Teachers and support personnel at the 197 DOD elementary and secondary schools serving 84,000 children worldwide "will be subject to furloughs and that is regrettable," said George Little, the chief Pentagon spokesman.
Little said the Defense Department was looking to delay the 22-day furloughs for school personnel – the same as is being imposed on the 800,000 DOD civilian workers – until the beginning of the next academic year in September to preserve accreditation for the schools through the current academic year and summer schools.
The Defense Department is "going to do everything we can to protect the education of military children" while accommodating the budget cuts that "enables military children to receive the accredited school year" based on 175-180 days in classes, Little said.
Pentagon officials said the furloughs would also hit the workforce at the 197 base commissaries worldwide, where 64 percent of the personnel are military spouses, dependents or veterans.
"Every commissary in the world will be affected," said Little, who also confirmed that the commissaries would shut down one day a week, probably Wednesdays, beginning in late April.
The impact of the $85 billion in overall budget cuts for the current fiscal year (about $46 billion for defense) was unclear on daycare at the more than 800 military Child Development Centers and youth facilities worldwide serving more than 500,000 children daily.

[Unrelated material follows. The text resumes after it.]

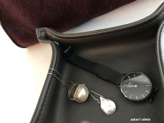 セーターの白いボタンに合わせて先日買った白い淡水パールのネックレスをつけていきました。

"We don't know at the moment but we're reviewing that closely," said Laurie Dette, a spokeswoman at the Army's Installations and Management Command at Fort Sam Houston, Tex.
"We believe they're going to take a bite," in daycare service and availability, said Joyce Raezer, executive director of the non-profit National Military Family Association. "Everything we hear is that they're going to take a hit. We're already seeing a pullback in drop-in care" availability at the CDCs, Raezer said.
The furloughs at the commissaries, where 28 percent of the workers are military spouses, will hit families especially hard, Raezer said. She noted that President Obama had pledged to protect the pay of servicemembers "and it's great that our servicemembers are going to get paychecks, but most military families need two."
Obama pledged to limit the impact of the so-called sequester and "manage it the best we can to minimize the impact on American families."
"It's not the right way to go about deficit reduction," Obama said, but he acknowledged that there was little chance of reaching a quick compromise with Republicans in Congress on offsetting the $85 billion in budget cuts.